*Data excerpts*
----
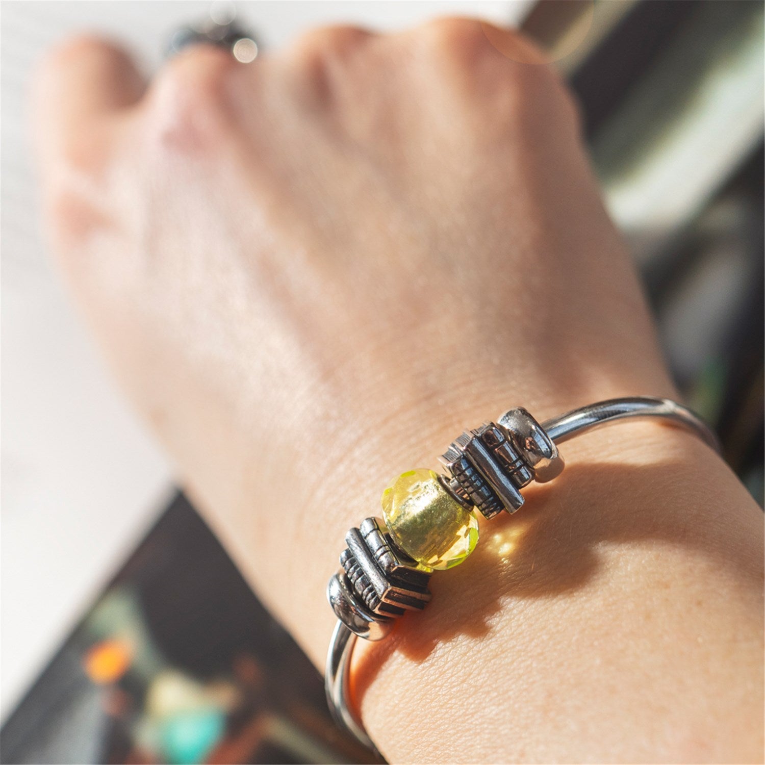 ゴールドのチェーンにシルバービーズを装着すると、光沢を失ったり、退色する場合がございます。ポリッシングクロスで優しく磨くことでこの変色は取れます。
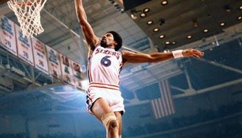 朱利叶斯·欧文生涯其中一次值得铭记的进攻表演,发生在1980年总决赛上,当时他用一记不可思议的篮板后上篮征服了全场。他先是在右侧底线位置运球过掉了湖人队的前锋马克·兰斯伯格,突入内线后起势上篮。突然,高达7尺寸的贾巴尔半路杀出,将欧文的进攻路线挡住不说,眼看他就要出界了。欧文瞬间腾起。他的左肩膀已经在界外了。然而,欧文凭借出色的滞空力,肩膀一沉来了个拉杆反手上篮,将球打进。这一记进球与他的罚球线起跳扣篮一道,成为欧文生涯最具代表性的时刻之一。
----
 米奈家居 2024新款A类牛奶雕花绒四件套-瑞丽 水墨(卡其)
----
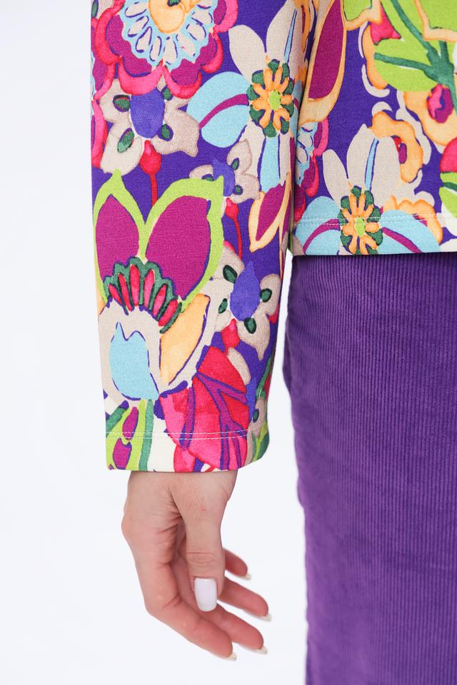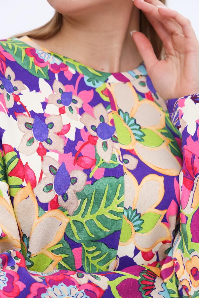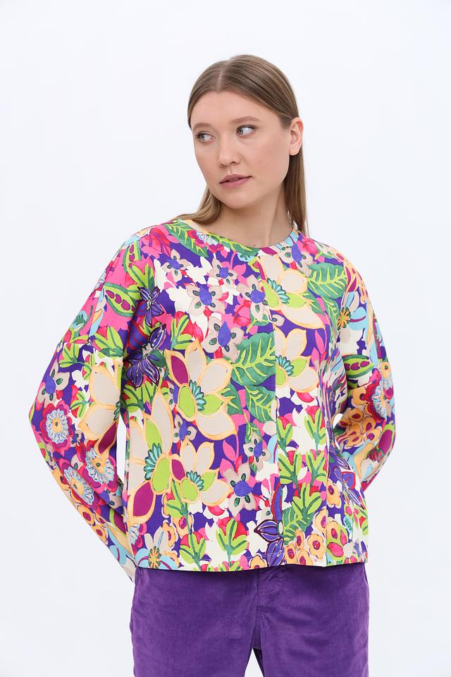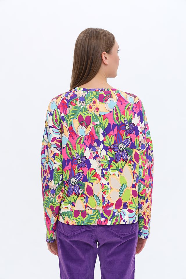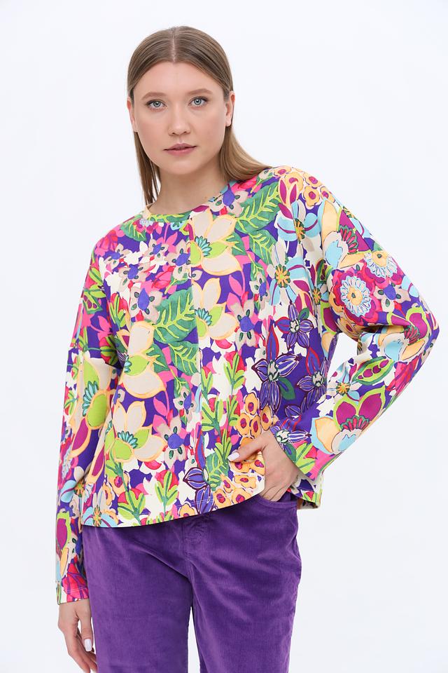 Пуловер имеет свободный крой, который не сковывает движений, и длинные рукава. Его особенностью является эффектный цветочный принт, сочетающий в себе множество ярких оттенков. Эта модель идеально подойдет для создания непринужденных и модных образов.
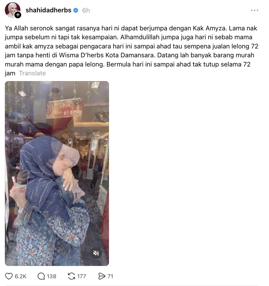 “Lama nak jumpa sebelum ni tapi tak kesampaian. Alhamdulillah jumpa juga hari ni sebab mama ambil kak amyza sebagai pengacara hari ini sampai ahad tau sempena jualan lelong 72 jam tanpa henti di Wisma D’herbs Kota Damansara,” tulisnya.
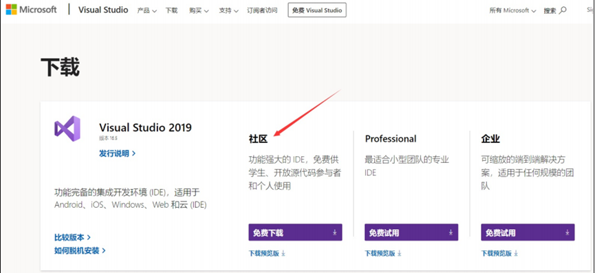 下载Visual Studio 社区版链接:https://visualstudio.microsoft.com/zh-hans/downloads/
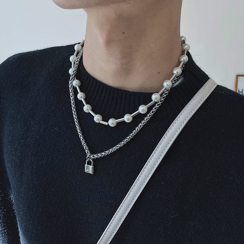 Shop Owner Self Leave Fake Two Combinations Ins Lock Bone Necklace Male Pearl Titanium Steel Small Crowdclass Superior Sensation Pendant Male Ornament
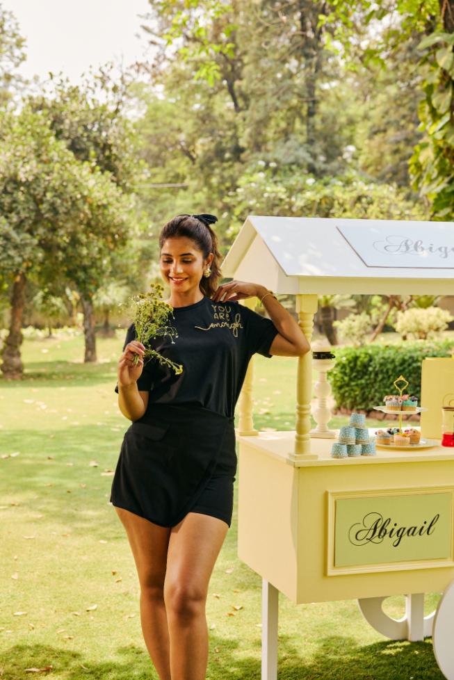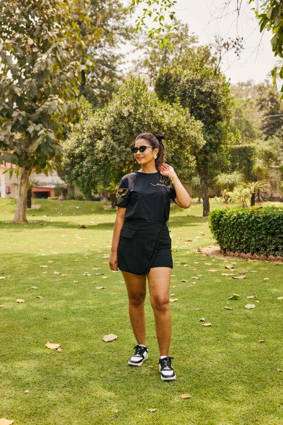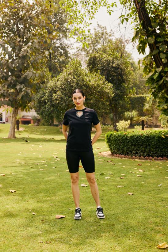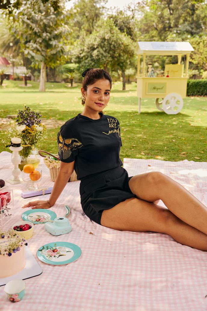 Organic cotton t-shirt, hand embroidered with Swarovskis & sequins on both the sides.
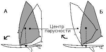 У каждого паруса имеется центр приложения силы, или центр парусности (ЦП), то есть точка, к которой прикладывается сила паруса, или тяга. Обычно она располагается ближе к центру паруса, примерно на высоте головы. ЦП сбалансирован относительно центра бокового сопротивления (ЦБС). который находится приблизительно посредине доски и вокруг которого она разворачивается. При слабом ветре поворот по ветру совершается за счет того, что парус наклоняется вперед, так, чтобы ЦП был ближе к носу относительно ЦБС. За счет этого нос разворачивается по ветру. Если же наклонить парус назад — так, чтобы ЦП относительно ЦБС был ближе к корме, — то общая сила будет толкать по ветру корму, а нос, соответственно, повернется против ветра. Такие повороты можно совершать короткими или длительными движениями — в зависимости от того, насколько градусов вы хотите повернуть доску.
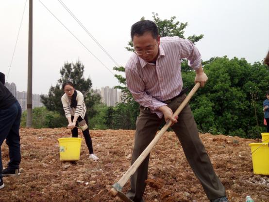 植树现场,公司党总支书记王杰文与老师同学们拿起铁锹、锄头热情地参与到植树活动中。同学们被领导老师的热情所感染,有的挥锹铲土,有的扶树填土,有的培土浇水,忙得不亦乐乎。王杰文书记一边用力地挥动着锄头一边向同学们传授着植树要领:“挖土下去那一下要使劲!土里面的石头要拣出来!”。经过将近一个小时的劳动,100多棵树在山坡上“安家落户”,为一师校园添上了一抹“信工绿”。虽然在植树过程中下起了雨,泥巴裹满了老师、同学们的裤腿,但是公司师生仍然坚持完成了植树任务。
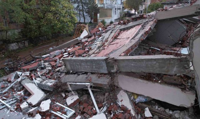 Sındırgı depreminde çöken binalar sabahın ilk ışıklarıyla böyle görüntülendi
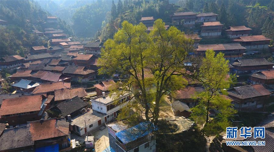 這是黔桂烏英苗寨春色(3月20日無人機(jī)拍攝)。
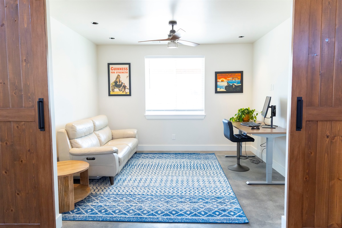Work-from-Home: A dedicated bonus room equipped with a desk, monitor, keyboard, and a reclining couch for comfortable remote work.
----
*Exercise aim*
What's needed is an exact copy of the records above from the line containing "ゴールドのチェーンにシルバー" down to the line containing "朱利叶斯·欧文生涯其中一次值", both included, without any pictures.

*Written solution*
 ゴールドのチェーンにシルバービーズを装着すると、光沢を失ったり、退色する場合がございます。ポリッシングクロスで優しく磨くことでこの変色は取れます。
 朱利叶斯·欧文生涯其中一次值得铭记的进攻表演,发生在1980年总决赛上,当时他用一记不可思议的篮板后上篮征服了全场。他先是在右侧底线位置运球过掉了湖人队的前锋马克·兰斯伯格,突入内线后起势上篮。突然,高达7尺寸的贾巴尔半路杀出,将欧文的进攻路线挡住不说,眼看他就要出界了。欧文瞬间腾起。他的左肩膀已经在界外了。然而,欧文凭借出色的滞空力,肩膀一沉来了个拉杆反手上篮,将球打进。这一记进球与他的罚球线起跳扣篮一道,成为欧文生涯最具代表性的时刻之一。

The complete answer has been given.